Problem: Exclude the pictures, then copy word for word the lines running from the beginning of the records through the line with "Ingredients: Capelin Roe, Sugar, Salt, Fructose, Allura".

Dataset excerpts:

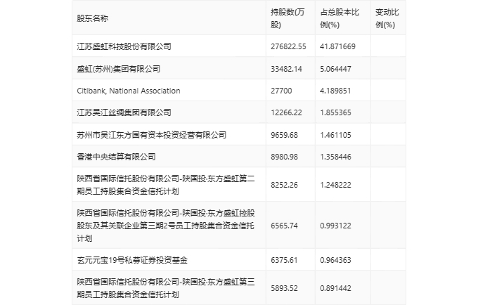 年报显示,2023年年末公司十大流通股东中,持股最多的为江苏盛虹科技股份有限公司,占比41.87%。十大流通股东名单相比2023年三季报维持不变。在具体持股比例上,江苏盛虹科技股份有限公司、盛虹(苏州)集团有限公司、江苏吴江丝绸集团有限公司、苏州市吴江东方国有资本投资经营有限公司、香港中央结算有限公司持股有所下降。
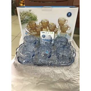 bộ 6 ly cốc soga thủy tinh kèm khay thủy tinh xanh
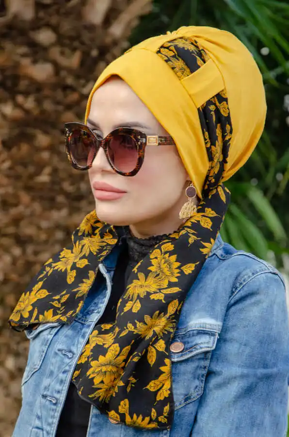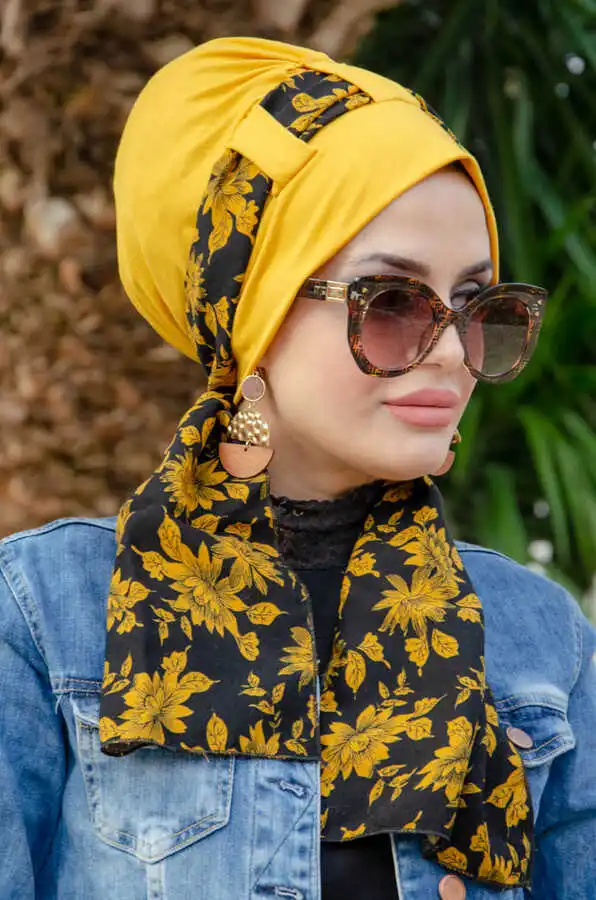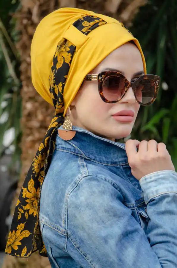 כיסוי ראש טורבן לבובו גבוה בצבע צהוב שחור פרחוני עם סרט קשירה ולולאות, עיצוב חדש ומודרני
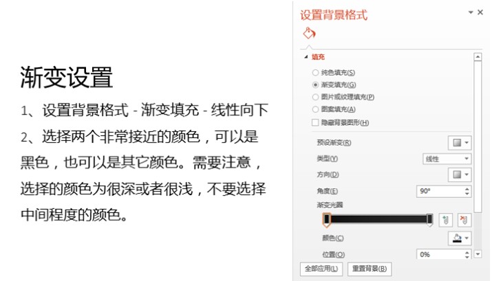 设置背景格式,选择渐变填充;渐变方向选择线性向下,去掉多余的光圈,留下两个;选择两种接近的颜色,案例以黑色和深灰色。也可以选择浅色系,或其他颜色,注意选择颜色较深或较浅的颜色,不要选择中间暗度的颜色,做成的效果会比较难看。
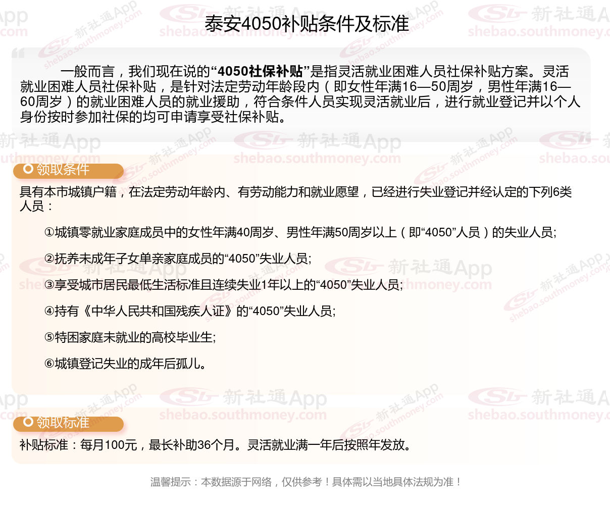4050补贴需要以灵活就业身份参加职工养老和医疗保险,补贴标准不超过实际缴费的三分之二,最长3年,距离退休不足5年的可延长到退休。补贴对象包括国企下岗人员、低保家庭等。申请流程需要提交身份证、银行账户等。那么泰安4050灵活就业社保补贴标准是多少钱?泰安4050社保补贴条件是什么?接下来随新社通APP小编了解一下最新资讯。
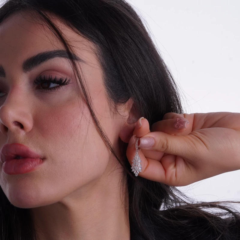 این گوشواره ظریف و درخشان با طراحی آبشاری و برگمانند، یکی از مدلهای چشمنواز شمیم سیلور است که برای استایلهای شیک و زنانه طراحی شده.ترکیب نگینهای مارکیز، باگت و تراشهای ریز گرد در کنار هم، جلوهای سهبعدی و پرنور ایجاد کرده که در حرکت سر، انعکاس نوری خیرهکننده و بسیار ظریف دارد.
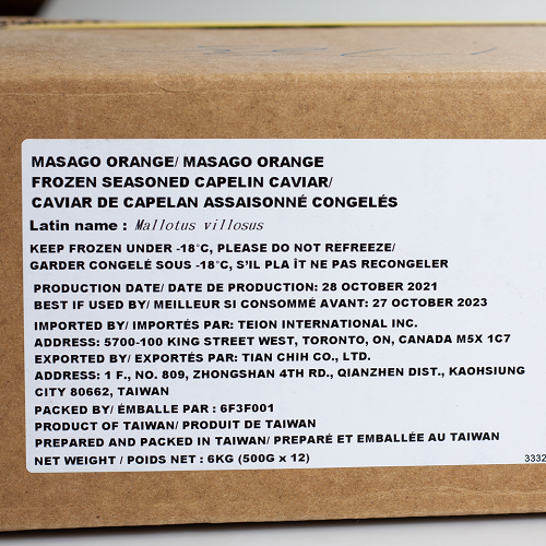 Ingredients: Capelin Roe, Sugar, Salt, Fructose, Allura Red...
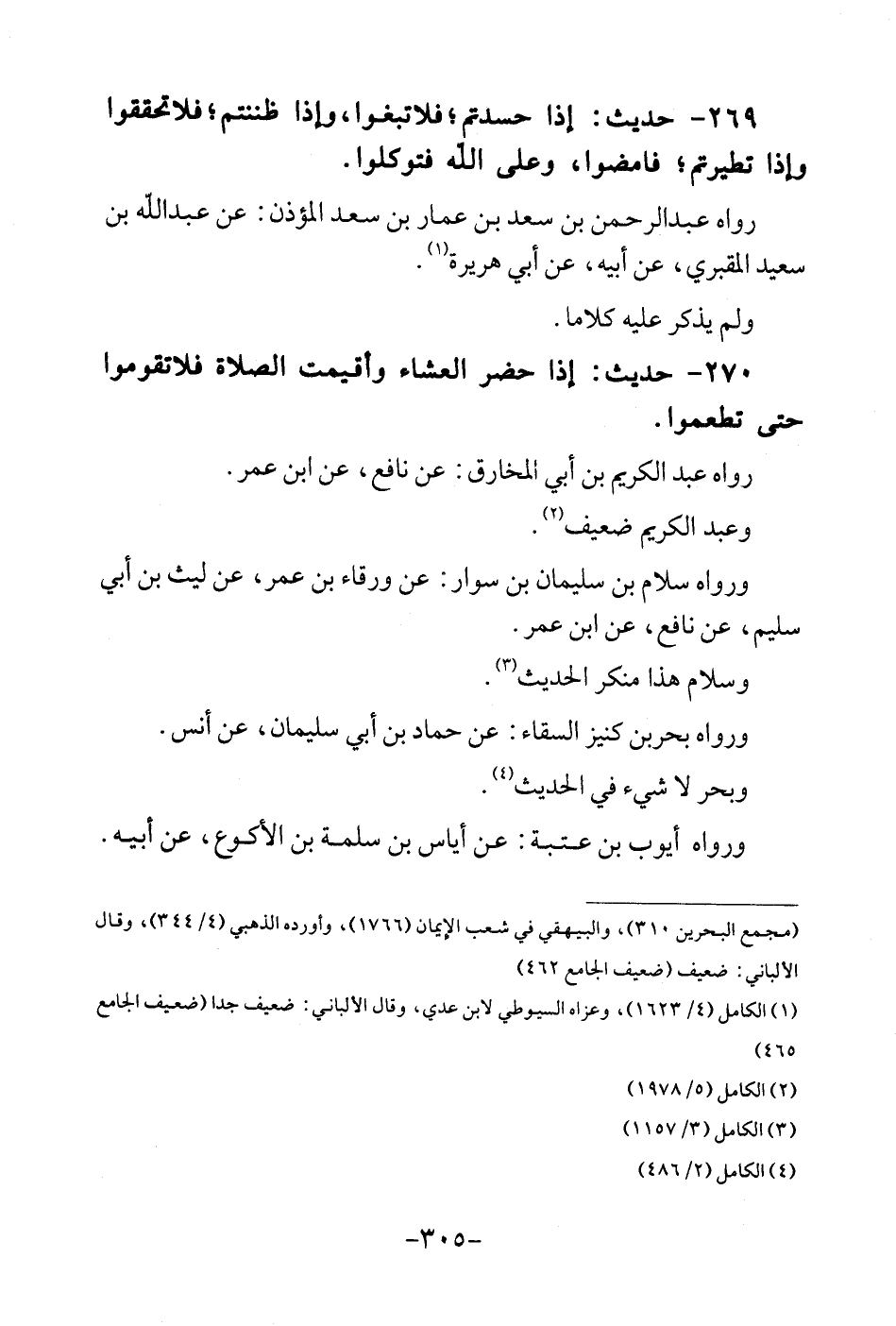 270 - حَدِيث: إِذا حضر الْعشَاء وأقيمت الصَّلَاة فلاتقوموا حَتَّى تطعموا. رَوَاهُ عبد الْكَرِيم بن أبي الْمخَارِق: عَن نَافِع، عَن ابْن عمر. وَعبد الْكَرِيم ضَعِيف. وَرَوَاهُ سَلام بن سُلَيْمَان بن سوار: عَن وَرْقَاء بن عمر، عَن لَيْث بن أبي سليم، عَن نَافِع، عَن ابْن عمر. وَسَلام هَذَا مُنكر الحَدِيث. وَرَوَاهُ بَحر بن كنيز السقاء: عَن حَمَّاد بن أبي سُلَيْمَان، عَن أنس. وبحر لَا شَيْء فِي الحَدِيث. وَرَوَاهُ أَيُّوب بن عتبَة: عَن أياس بن سَلمَة بن الْأَكْوَع، عَن أَبِيه.

Solved problem:
 年报显示,2023年年末公司十大流通股东中,持股最多的为江苏盛虹科技股份有限公司,占比41.87%。十大流通股东名单相比2023年三季报维持不变。在具体持股比例上,江苏盛虹科技股份有限公司、盛虹(苏州)集团有限公司、江苏吴江丝绸集团有限公司、苏州市吴江东方国有资本投资经营有限公司、香港中央结算有限公司持股有所下降。
 bộ 6 ly cốc soga thủy tinh kèm khay thủy tinh xanh
 כיסוי ראש טורבן לבובו גבוה בצבע צהוב שחור פרחוני עם סרט קשירה ולולאות, עיצוב חדש ומודרני
 设置背景格式,选择渐变填充;渐变方向选择线性向下,去掉多余的光圈,留下两个;选择两种接近的颜色,案例以黑色和深灰色。也可以选择浅色系,或其他颜色,注意选择颜色较深或较浅的颜色,不要选择中间暗度的颜色,做成的效果会比较难看。
4050补贴需要以灵活就业身份参加职工养老和医疗保险,补贴标准不超过实际缴费的三分之二,最长3年,距离退休不足5年的可延长到退休。补贴对象包括国企下岗人员、低保家庭等。申请流程需要提交身份证、银行账户等。那么泰安4050灵活就业社保补贴标准是多少钱?泰安4050社保补贴条件是什么?接下来随新社通APP小编了解一下最新资讯。
 این گوشواره ظریف و درخشان با طراحی آبشاری و برگمانند، یکی از مدلهای چشمنواز شمیم سیلور است که برای استایلهای شیک و زنانه طراحی شده.ترکیب نگینهای مارکیز، باگت و تراشهای ریز گرد در کنار هم، جلوهای سهبعدی و پرنور ایجاد کرده که در حرکت سر، انعکاس نوری خیرهکننده و بسیار ظریف دارد.
 Ingredients: Capelin Roe, Sugar, Salt, Fructose, Allura Red...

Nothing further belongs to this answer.